Report: Record labels displeased with Apple's streaming royalty rate offer
Rumors have been circulating for years about how Apple is planning to offer a streaming music subscription service.
While such a service has yet to materialize, some new rumors are making the rounds that seem to indicate a streaming launch of some sort may very well be imminent.
Indeed, Apple has reportedly opened talks with record labels in an effort to license music for some of streaming platform.
Unsurprisingly, reports claim that record labels are currently unhappy with the royalty rate that Apple is offering. According to reports, Cupertino made an initial offer to record labels for royalty rate of only six cents per 100 songs streamed. Granted, this is an opening offer from Apple and the tech company may be expecting a counter offer from labels.
To get an idea how low the rate offered by Apple is, the next cheapest royalty rate paid by an online music streaming company comes from Pandora at $.12 per 100 songs.
“Apple wants a rate that is lower than Pandora’s,” said one high-level executive.
The royalty rate for iHeart Radio is $.22 per 100 songs streamed while the industry standard royalty rate is $.21 per 100. Record labels reportedly believe that cash-flush Apple should pay at least the industry standard royalty rate of $.21 per 100 songs streamed.

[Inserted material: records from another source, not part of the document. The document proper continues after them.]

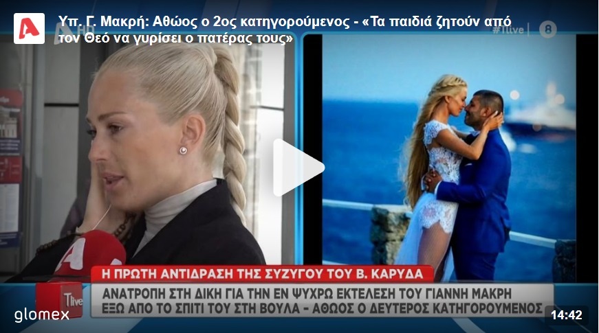 Ο Γιάννης Μακρής δολοφονήθηκε έξω από το σπίτι του στη Βούλα, τον Οκτώβριο του 2018. Η σύζυγός του, Βικτώρια Καρύδα, ξέσπασε μετά την ανατροπή στην δίκη για τους δύο κατηγορουμένους για τη δολοφονία του.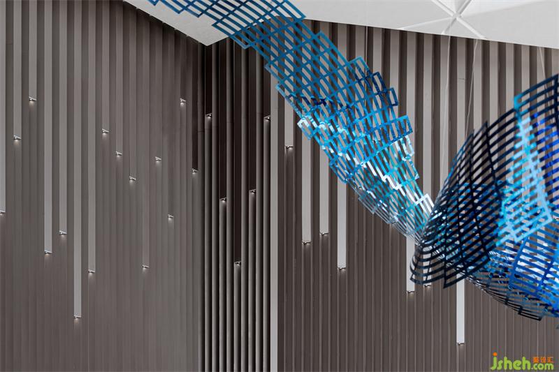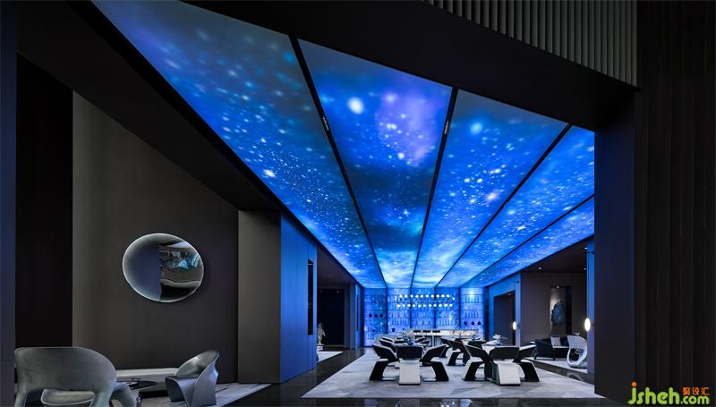 旅客們尚在回味,下一幕場(chǎng)景更為震撼:邁過巨型藍(lán)色行星,到達(dá)沙盤區(qū)。弧形賜予人類,直線歸于上帝。幾何狀鏤空天花分割自然光,照耀在觸手可及的“銀河系”精密金屬材質(zhì)裝置上。仰望星空,體會(huì)宇宙的玄妙,這藍(lán)色的詩(shī)像是生命的詠嘆調(diào),高昂的超脫,低徊的開悟。
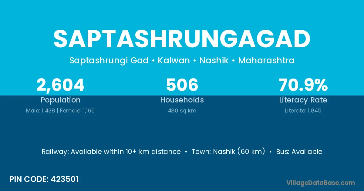 Nashik (60 km) is the nearest town to Saptashrungagad village for major economic activities and is located approximately 60 km away.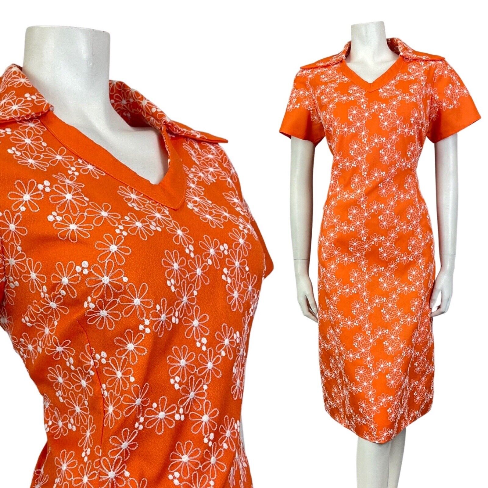 VINTAGE 60s 70s ORANGE WHITE EMBROIDERED FLORAL DAGGER COLLAR MOD DRESS 12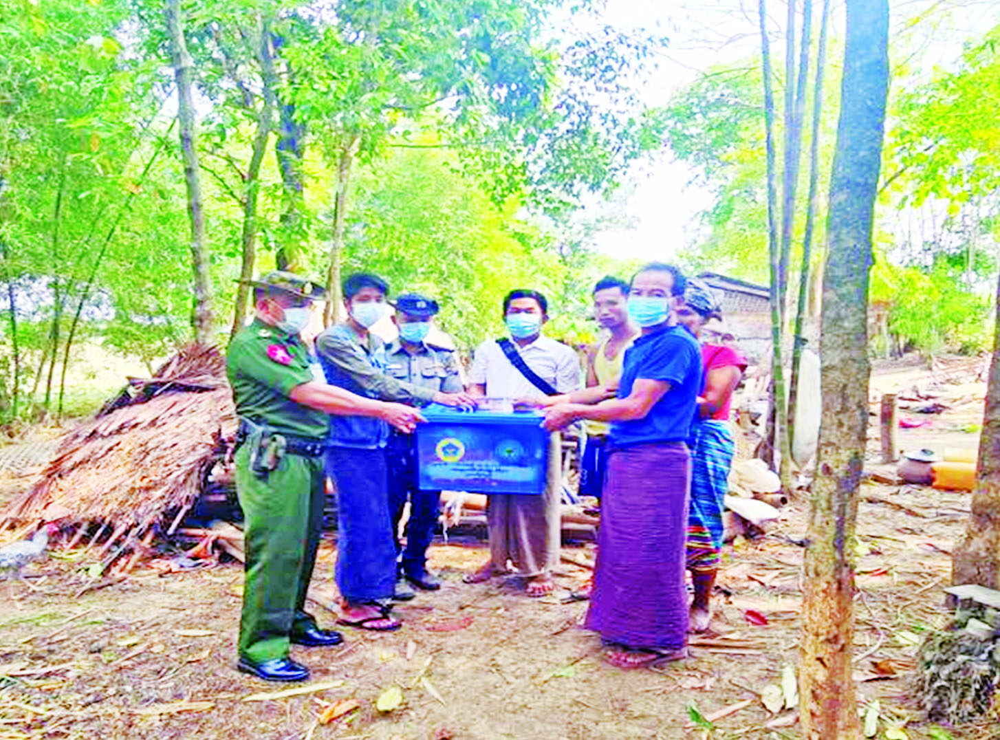 ထိုသို့ ဆောင်ရွက်ပေးနေမှုများကို ခရိုင်/မြို့နယ်စီမံအုပ်ချုပ် ရေးအဖွဲ့ဥက္ကဋ္ဌနှင့် တာဝန်ရှိသူများက သွားရောက်ကြည့်ရှု၍ လေဘေးသင့်ပြည်သူများအား တွေ့ဆုံအားပေးကာ လူမှုဝန်ထမ်းကယ်ဆယ်ရေးနှင့် ပြန်လည်နေရာချထားရေးဝန်ကြီးဌာန၊ သဘာဝဘေးအန္တရာယ်ဆိုင်ရာ စီမံခန့်ခွဲမှုဦးစီးဌာနမှ ထောက်ပံ့သော ကယ်ဆယ်ရေးပစ္စည်း ၁၈ မျိုးပါ ခြောက်ပုံး၊ ထောက်ပံ့ငွေများ၊ ဆန်၊ စားသောက် ဖွယ်ရာများနှင့် ကိုဗစ်-၁၉ ကာကွယ်ရေး အထောက်အကူပြုပစ္စည်းများကို ထောက်ပံ့ပေးအပ်ခဲ့ ကြောင်းသိရသည်။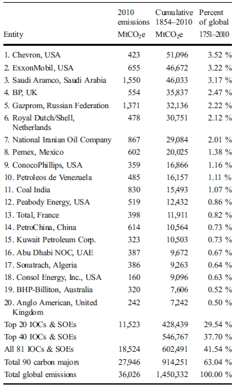 Укупна емисија у периоду од 1750. до 2010. године је била 1450 милијарди тона СО2. Ових 90 компанија је емитовало 914 милијарди тона СО2 у овом периоду. При томе компаније у врху листе бележе профите од којих се човеку заврти у глави. Шеврон 26 млрд. долара, Ексон 45 милијарди, Шел 27 млрд. долара (подаци за фискалну 2012. годину)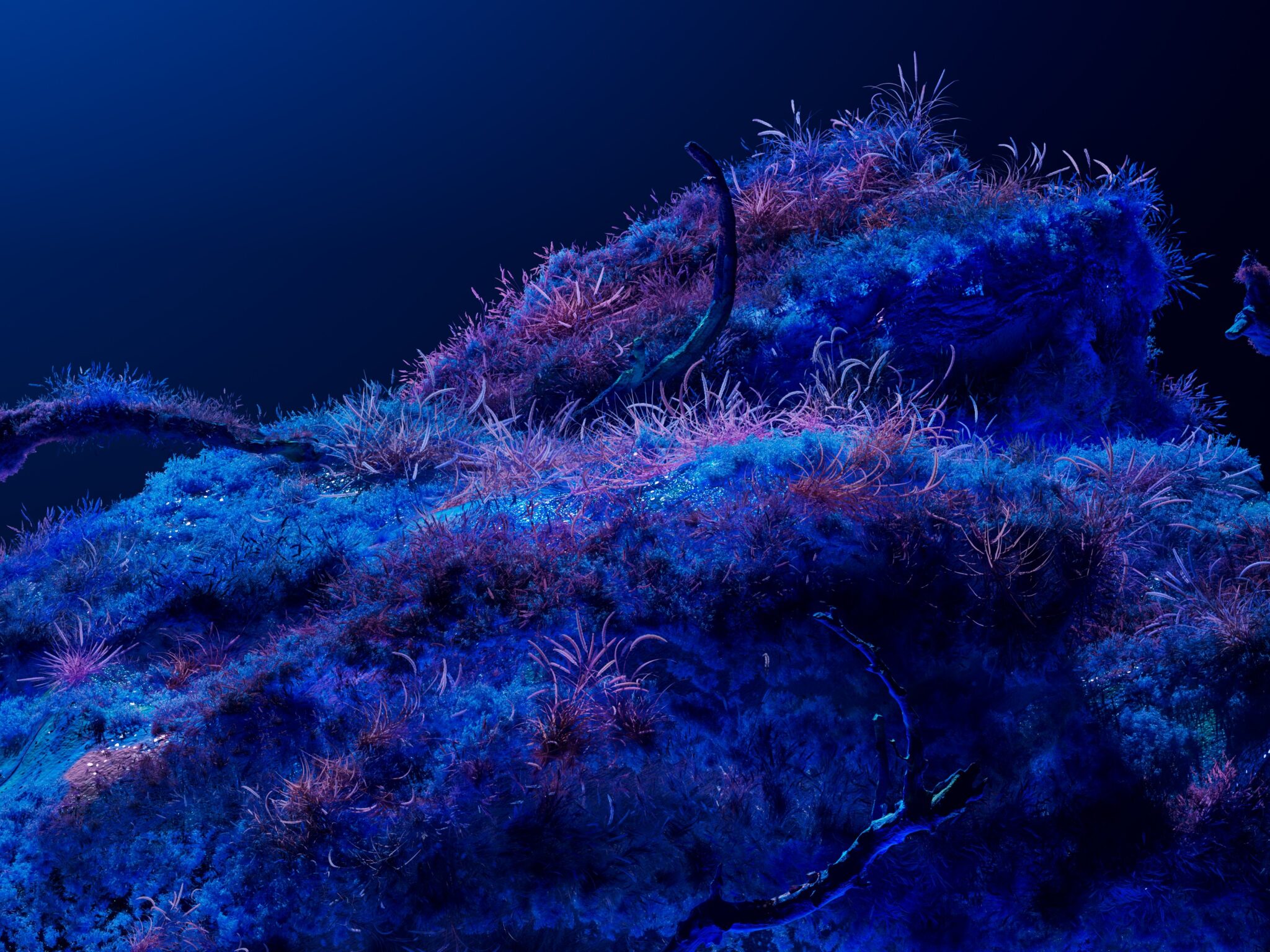 Deep blue textures covered in feathery pink and purple growths that look like underwater coral or alien moss, all glowing with that dreamy b…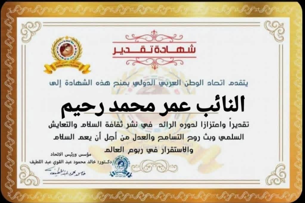 مؤسس ورئيس اتحاد الوطن العربي الدولي يمنح شهادة تقدير للنائب عمر محمد عمر محمد رحيم عضو مجلس النواب عن محافظة القاهرة الدائرة الثالثةitihadworld25/12/2025تكريمات

Personally, I think the labels will have a hard time selling that argument as Pandora already pays significantly less than the above-mentioned amount.
Then again, things would probably work out just fine for the record labels at six cents per 100 songs, because an Apple streaming platform would likely be the most popular service available.
Apple probably believes the labels will make up what they lose on the normal revenue rate on sheer volume. According to sources who claim to be familiar with the negotiations, music labels are demanding an upfront fee and a percentage of revenue from ads Apple sells via its streaming music service.